Thursday, July 14, 2011

Pictures

  We got the pictures of Francis in the mail today. A DVD sent by amazing people who worked on them for us so we could see him without at least some of the pain that reality brings.
   The nurses waited too long to take the photos. And the reality is that he was gone and things happen to little bodies. Wow.. that is painful to write.
   So after our first try at retouching ( which ended in me staring into space for quite some time)  i consulted a college friend. Who gave me the name of someone in a photo rescue organization. They actually restore photos for disaster victims.. but made an exception for me. I am eternally grateful because I have been afraid i would forget his face. And to be honest.. the original photos were too much of reality for me. These are better. But still are.. what they are.
   He had reddish hair like Gabriel.. but a full head of it. That i didnt know.  It sucks to not know.  All i have now is a blanket he was wrapped in when he was born, a few ultrasound pictures when he was 18 weeks old, some footprints made in ink and these. I wish i had known that i didnt have more time. I would have spent less time packing during those 9 months and more time singing to my baby.

Saturday, July 9, 2011

Going home

My son would have turned four months old the day we took our "vacation" to Ohio this month. It should have been a joyous trip to show off our new son to my grandparents. The reality is that the day Francis was born was also the day my grandfather died.  The last trip that we made was a quick one two weeks before we lost our son... we went to bury Thomas... although genetics may say otherwise he was my little brother. So this trip was not easy.
    The first thing I did when we pulled up was walk next door to see Thomas' sister. I couldnt even look at her without crying. The last thing i remember when we left was Tom standing in the driveway... " Don't ever stop hugging them" He told us with the stricken look of grief on his face...  I tried.
   Thomas died at 23. How i remember him is a little boy with blond curls and a dirty face. As a baby he wouldnt stop crying until i held him. He was my little buddy. Nearly 7 years older than him...we were pretty close. I knew him nearly his entire life. Our neighbors weren't just people who lived next door.
   We were together all the time. We ate together, laughed, screamed at each other like only siblings do. There were four of us. We looked so much alike that people that didnt know us thought we were really siblings. Thomas would go with us to my mother's cabin frequently and I dont remember a time when he or his sister were not a daily part of our lives.
  When i heard about Thomas' death I immediately went into panic mode.
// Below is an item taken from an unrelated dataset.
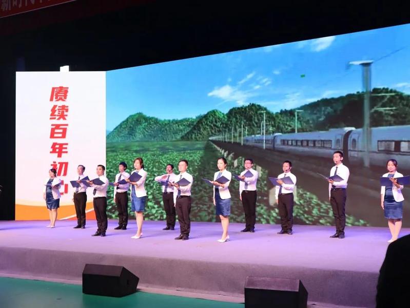 中場,我院軌道交通學(xué)院的教職工們?yōu)楝F(xiàn)場觀眾們準(zhǔn)備了朗誦節(jié)目《交通軌道新生活》,老師們激情澎湃地歌頌新時代職業(yè)風(fēng)采,暢想職業(yè)教育未來。

I was very pregnant... but my midwife gave me clearance to go. I was only worried that i would go into labor there without my midwife... but i had to be there. I couldnt not go to bury him. I couldnt not be with my family.
   It turns out that it was one of my last days with my son. And i'm glad i went. For one i could never not be there for people i care about in a time like that. Another... i had some time with my baby.. i sat at the viewing for hours with my hand on my stomach. I drove to Columbus late at night to pick up my brother with my son and sister in tow laughing about the man next to us picking his nose. Yelling at Thomas for making us do this. Joking i'd go into labor. I wish i would have.
   I have gone over those days with a fine toothed comb. I prayed so much for Thomas that i offered all i could give. I spent a lot of time worrying that i offered something i didnt intend to. But it also gives me some comfort.
  As a Catholic i fully believe in purgatory. I know that Thomas has Francis in heaven.. a little angel to pray for him. Because the last few days of Francis' life were filled with my grief... I'm sure he knew who to pray for when he reached those gates. Who to reach for.
   I spent time with Thomas' mother. We grieved together losses that seem so intertwined. I feel closer to her now than i ever did.  We have different types of losses.. but the same. We want to hold our sons but cant.
  The weekend brought a trip to my father's house and going through photos of my grandfather for a memorial book. With all the rest my Pop has really not gotten many tears from me. I think he'd understand. He didnt want a memorial service or a funeral.. just a party. So that we shall and i'll save the tears for August.
  My visit to Thomas was not an easy one.  It was peaceful there. And we had a nice chat through tears. It is amazing how you can grieve someone but want to punch them at the same time.  I gave his spot a blessing and slowly walked away.  I have yet to visit my son's grave. I can't. Because to think of what is there is more than i can bare.  But this is our life.
  Some days the loss is so fresh and heavy i can hardly function. Others i feel at peace and okay. It is a roller coaster... one i can never get off.  So i'm praying for more of the latter. I know this wont ever get better.. just easier to cope with, easier to hide. And it has been a lot to lose.
   It has been four months... I'm still standing... I wish i had more strength. I wish that i could write of how i'm holding my own and about goodness that has come from this. But to be honest... I'm not sure.  I'm more patient with my kids, more in tune to what is important... I've seriously questioned my faith and rebounded from the doubt.  But still standing is honestly the best description ive got.